Death Panels Resurrected: Rep. Earl Blumenauer Wants End-Of-Life Conversations Reimbursed

Doctor and patient consult
If Earl Blumenauer has his way, Congress would approve a bill that provides Medicare reimbursements for physicians to consult with patients about advanced care planning and surrogate decision makers. National Cancer Institute

Even as House Republicans have vowed to repeal the Affordable Care Act commonly villified as "Obamacare," Representative Earl Blumenauer, D-Ore., works tirelessly to pass the original law's most incendiary component, which he authored himself: the death panel.

In reality, there never was a death panel or the slightest hint of one. In 2009, while debates over the health reform's laws were at full swing, conservative opposition famously distorted a provision that would have Medicare reimburse physicians for having discussions about end-of-life wishes with patients. With a financial incentive, authors of the law hoped physicians would take the time to sit down with patients to put their end-of-life wishes in writing and designate a surrogate decision maker in the event that they become incompetent.

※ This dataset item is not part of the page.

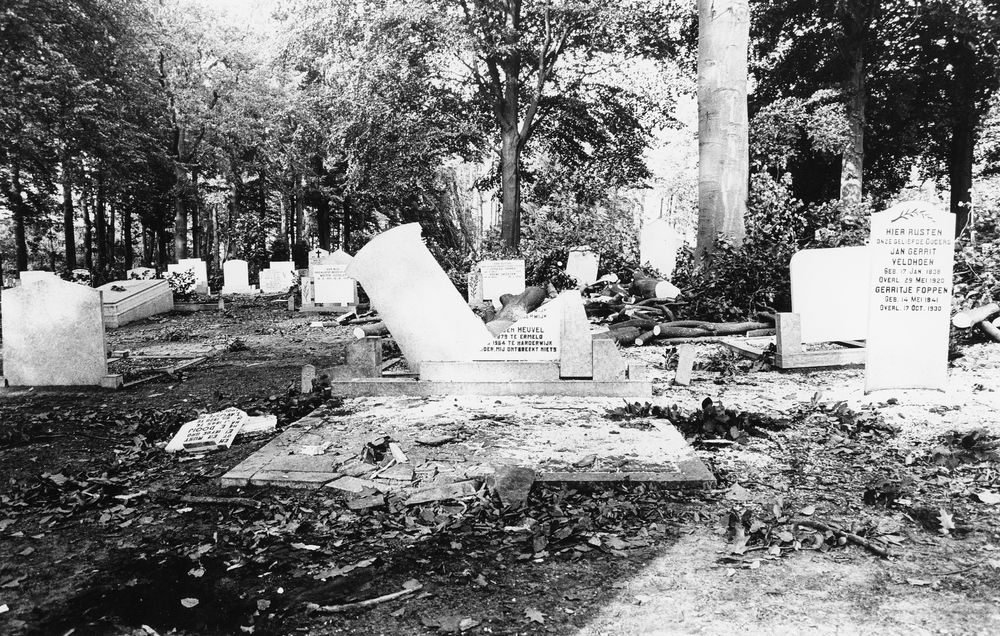 Schade na windhoos op de algemene begraafplaats aan ...

While uproar equated this with "throwing granny off a cliff," the provision was eventually removed in order to get Obamacare passed. Every congresional session since, Blumenauer has reintroduced the bill, which would reimburse physicians a few hundred dollars to talk to patients about the care they want every five years, or more often, if the patient's health declines. To provide a sense of perspective, Blumenauer notes that with great frequency, tens of thousands of dollars are reimbursed by Medicare for giving terminally-ill patients in their 90s hip replacements.

It's important to note that having the conversations Blumenauer would like reimbursed won't necessarily deter that terminally-ill 90-year-old from getting his or her hip replaced. If a patient wants aggressive care until the very end, that wish would be documented by the physician, and would be more likely to be honored by a surrogate decision maker. The conversation is about making patient preferences clear and well-known, not about doctors steering patient preferences.

"We have allowed people with ideological or political agendas to play this out," Blumenauer told Politico. "We've really obscured the fact that this is all about making an informed decision that is respected."

Now, with the bill independent of Obamacare, Blumenauer has even made an ally across the aisle. Tennessee Representative Phil Roe, a Republican who staunchly opposed the Affordable Care Act, is now one of 15 co-sponsers of the bill.

Physician Incentives Work

While in theory, conversations about end-of-life and advanced care planning should occur between health care providers and patients with or without an incentive, the extra cash could help.

In a study recently published in JAMA Internal Medicine, researchers led by Dr. Joshua Lakin of the University of California, San Francisco tested the effect of financial incentives on a group of internal medicine residents practicing at the university's medical center. Residents were promised $400 if, as a group, they could have documented discussions of end-of-life issues and designate a surrogate decision-maker with at least three-quarters of patients. In a group of 1,474 patients, end-of-life wishes and surrogate decision makers were documented in 22 percent of files at the beginning of the study, growing to more than 90 percent by the end.

Patients need not wait until financial incentives for doctors exist to initiate the conversation.

"If more people go to their physicians and pastors or whoever they trust and say, ‘I want to have this discussion' … that's also an important thing," Dr. Lakin told Reuters Health.

Medicare Reimbursements Are Not The Only Option

Passing Blumenauer's bill isn't the only way to promote end-of-life conversations, and the bill is far from perfect. If it were to pass, Blumenauer's bill would only reimburse visits scheduled by patients for the purpose of discussing end-of-life care. It wouldn't reimburse for that conversation if it arose from a doctor-patient interaction for another purpose, such as during a preventative care check-up or after a life-limiting illness is diagnosed.

"The problem with Blumenauer's legislation isn't that it goes too far," wrote Ezra Klein, columnist for The Washington Post. "It's that it doesn't go nearly far enough."

New York state has taken its own approach. In 2010, the New York Palliative Care Information Act was passed, which mandates that healthcare providers offer information and counseling about palliative care to terminally-ill patients or their surrogates; breach of the law is punishable by a fine.

Bioethicist Dr. Ezekiel Emanuel offers some alternatives to Medicare reimbursement of end-of-life conversations. The Joint Commission, the independent organization that accredits hospitals, could require that palliative care services be available to patients. Even Medicare could make communication training and palliative services a requirement in hospitals for reimbursement of other services.

Whatever the approach, the time is ripe for reshaping the way the public views death and dying. As Blumenauer notes, the issue is becoming more culturally salient. More books and memoirs are written about care-giving and death.

With trendsetting baby boomers aging fast and their parents aging faster, end-of-life conversations will inevitability become more commonplace, with or without reimbursement.